Dealing Disclosure Requirements:

Under the provisions of Rule 8.3 of the Takeover Code, if any person is, or becomes, “interested” (directly or indirectly) in one per cent. or more of any class of “relevant securities” of Corus, all “dealings” in any “relevant securities” of that company (including by means of an option in respect of, or a derivative referenced to, any such “relevant securities”) must be publicly disclosed by no later than 3.30 p.m. (London time) on the London business day following the date of the relevant transaction. This requirement will continue until the date on which the Scheme becomes effective, lapses or is otherwise withdrawn or on which the “offer period” otherwise ends. If two or more persons act together pursuant to an agreement or understanding, whether formal or informal, to acquire an “interest” in “relevant securities” of Corus, they will be deemed to be a single person for the purpose of Rule 8.3.

Under the provisions of Rule 8.1 of the Takeover Code, all “dealings” in “relevant securities” of Corus by Tata Steel Limited, Tata Steel UK Limited, Companhia Siderurgica Nacional, CSN Acquisitions Limited or Corus, or by any of their respective “associates”, must be disclosed by no later than 12.00 noon (London time) on the London business day following the date of the relevant transaction.

A disclosure table, giving details of the companies in whose “relevant securities” “dealings” should be disclosed, and the number of such securities in issue, can be found on the Takeover Panel’s website at www.thetakeoverpanel.org.uk.

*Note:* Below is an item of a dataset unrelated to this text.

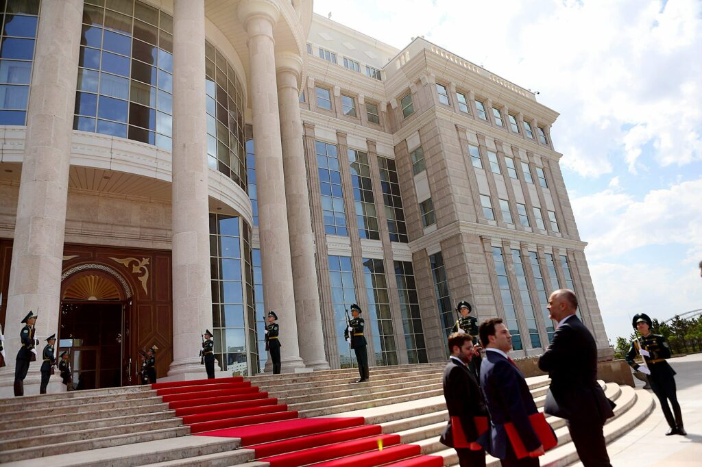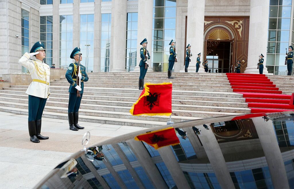 Pritja protokolare e kryeministrit të Republikës së Shqipërisë, Edi Rama, nga presidenti i Kazakistanit, Nursultan NNazarbayev.Para objektit presidencial të Kazakistanit, ku pritja protokollare ishte organizuar në mënyrë të përsosur nga presidenti Nursultan Nazarbayev. Edhe kjo ndërtesë është ngritur nga kompania Mabetex dhe duartë e puntorëve shqiptar. Një qytet në stepat – Astana u bë kryeqyteti i Kazakistanit në vitin 1997. Pjesa më e madhe e arkitekturës së tij moderne është mahnitëse në shkallën dhe dizajnin e saj, veçanërisht në kontrast me stepat e gjera dhe të hapura që e rrethojnë atë.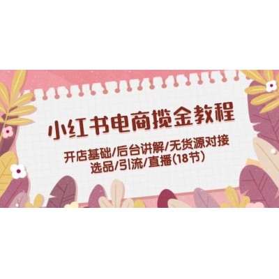 小红书电商揽金教程:开店基础/后台讲解/无货源对接/选品/引流/直播(18节)

“Interests in securities” arise, in summary, when a person has long economic exposure, whether conditional or absolute, to changes in the price of securities. In particular, a person will be treated as having an “interest” by virtue of the ownership or control of securities, or by virtue of any option in respect of, or derivative referenced to, securities.

Terms in quotation marks are defined in the Takeover Code, which can also be found on the Panel’s website. If you are in any doubt as to whether or not you are required to disclose a “dealing” under Rule 8 you should consult the Panel.